Decode GeoTIFF to GPU memory

Sharing this blog post on speeding up Cloud-optimized GeoTIFF (COG) reads using a CUDA GPU library called nvTIFF that I’ve been playing around with for the past month. Hopefully it’ll be useful for folks struggling to use GDAL effectively, or those who don’t want to convert from COG → Format X because … data duplication.

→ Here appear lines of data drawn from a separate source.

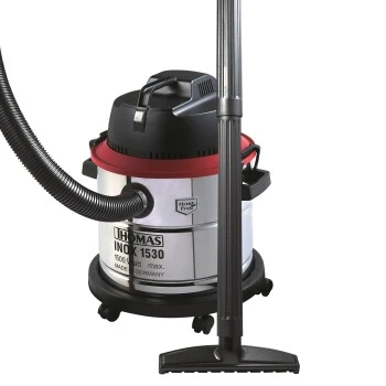 Der THOMAS INOX 1530 gehört zu den Multisaugern und ist ausgestattet mit einem Profizubehörsystem von Ø 55 mm. Damit macht er sich insbesondere auf großen Flächen und bei der Beseitigung von gröbstem Schmutz verdient. Wo herkömmliche Staubsauger überfordert sind, spielt er seine Stärken aus: Feuchtes Laub, verstopfte Abflüsse, grobe Holzspäne und ähnliche Verschmutzungen sind für ihn ein Leichtes.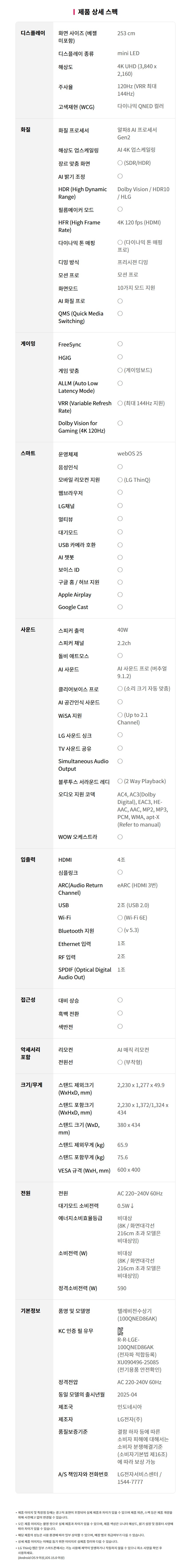 100QNED86A LG전자구독 [LG] QNED evo TV 100인치 제품분류 TV 제품규격 80인치이상 AS기간 렌탈기간내 최저 렌탈가 월 151,800 (렌탈가) 제휴카드 할인가 월 (렌탈가) 3년 4년 5년 6년 할인 제휴카드 보기 렌탈신청 장바구니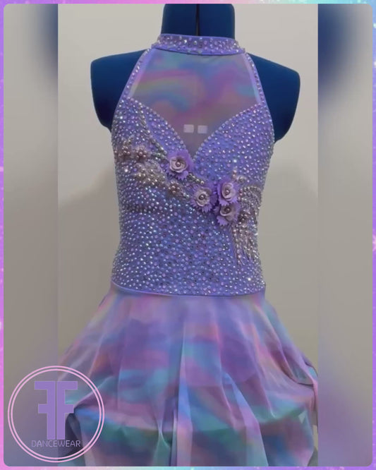BESPOKE Lilac Stoned Chiffon Lyrical / Contemporary Dance Costume Two Piece (Adult XS)

Excerpt from the blog post:

Preliminary benchmark results from reading a 318MB Sentinel-2 True-Colour Image (TCI) Cloud-optimized GeoTIFF file (S2A_37MBV_20241029_0_L2A) with DEFLATE compression:

Top row shows the GPU-based nvTIFF+nvCOMP taking about 0.35 seconds (~900MB/s throughput), compared to the CPU-based GDAL taking 1.05 seconds (~300MB/s throughput), and image-tiff taking 1.75 seconds (~180MB/s throughput). These Cloud-optimized GeoTIFF reads were done reading from a local disk rather than the network.

Do take this 3x speed up of nvTIFF over GDAL with a grain of salt. On one hand, I probably haven’t optimized the GDAL or nvTIFF code that much yet. On the other hand, I haven’t even included the CPU → GPU transfer cost if I were using this for a machine learning workflow!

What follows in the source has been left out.